Member of the Georgia Senate from the 28th district
- In office January 2011 – January 2017
- Preceded by: Mitch Seabaugh
- Succeeded by: Matt Brass

Personal details
- Born: April 8, 1963 (age 63)
- Party: Republican
- Spouse: Tracey
- Children: 2
- Education: Georgia Institute of Technology (BS)

= Mike Crane =

American politician (born 1963)

Mike Crane (born April 8, 1963) is a former Republican member of the Georgia State Senate from the 28th District. Prior to his election to the state senate, Crane was the Republican nominee for the U.S. House of Representatives in Georgia's 13th congressional district in 2010.

==Political career==
Mike Crane challenged David Scott, the Democratic incumbent congressman from the Georgia-13th, in 2010, but lost the race. In October 2011, State Senator Mitch Seabaugh resigned from the Georgia State Senate and a special election was called, which Crane won. Crane was re-elected in 2012 and 2014.

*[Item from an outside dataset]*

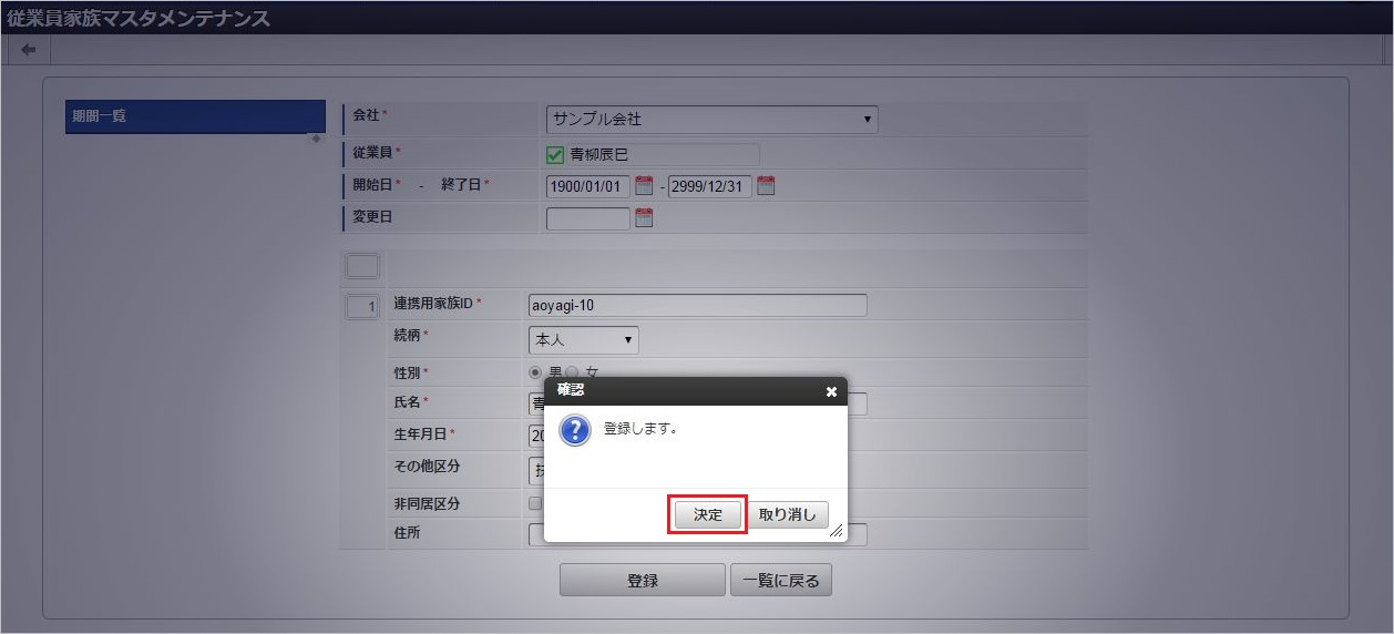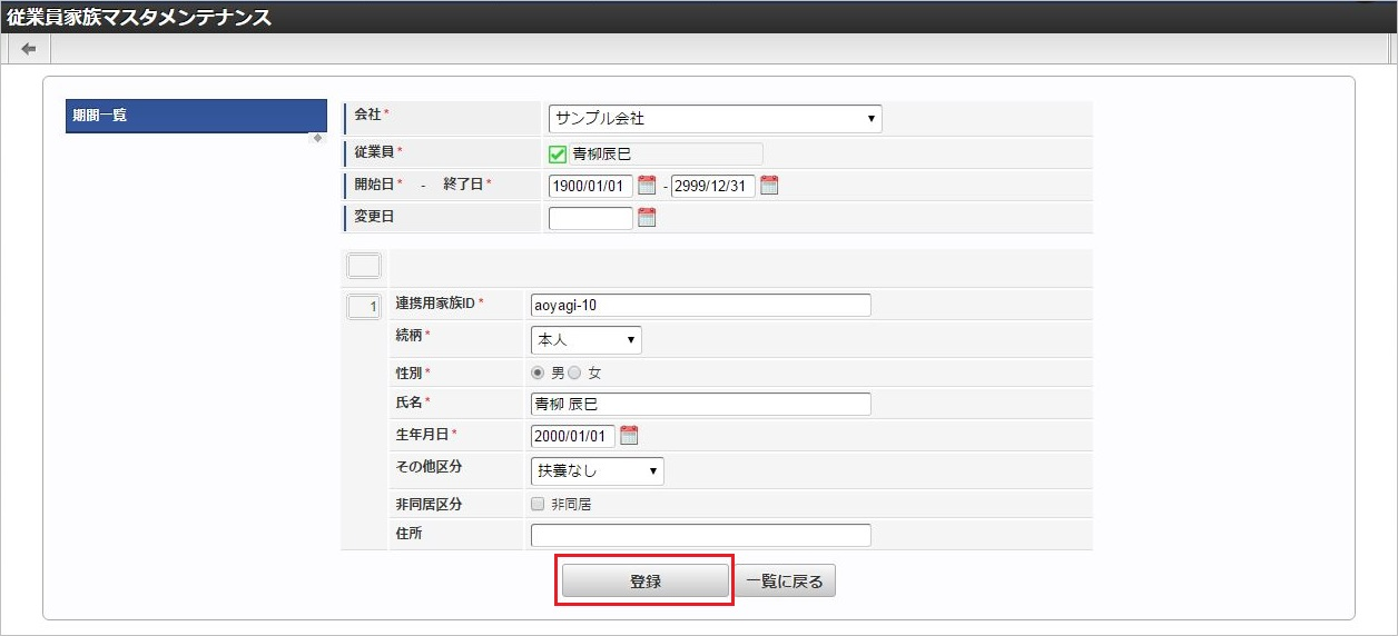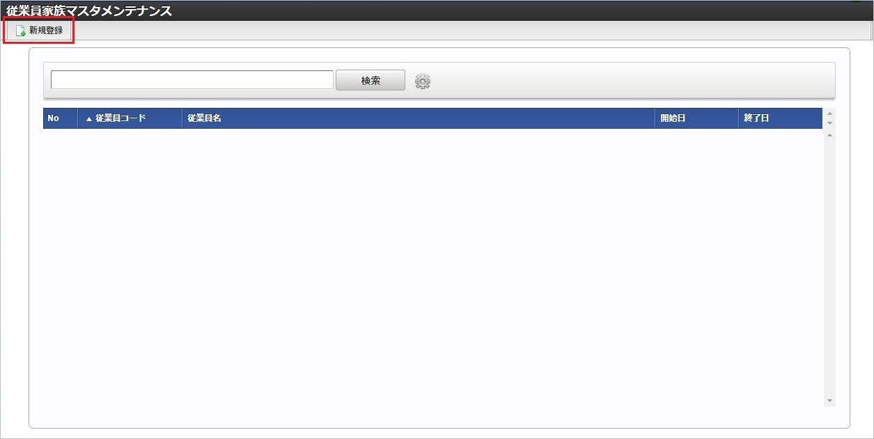 「サイトマップ」→「Kaiden!」→「マスタメンテナンス」→「従業員家族」をクリックします。 一覧画面表示後、「新規登録」をクリックします。 登録/更新画面で必要な情報を入力し、「登録」をクリックします。

On January 20, 2016, Crane announced his candidacy for Congress in Georgia's 3rd congressional district to replace the retiring Lynn Westmoreland. He lost the primary runoff election to Drew Ferguson.

Crane served as Chairman of the Third District Republican Party from 2017–24 and in 2024 announced his candidacy for Congress after Ferguson retired. Crane has been endorsed by Ted Cruz, Kris Kobach and Tom Tancredo.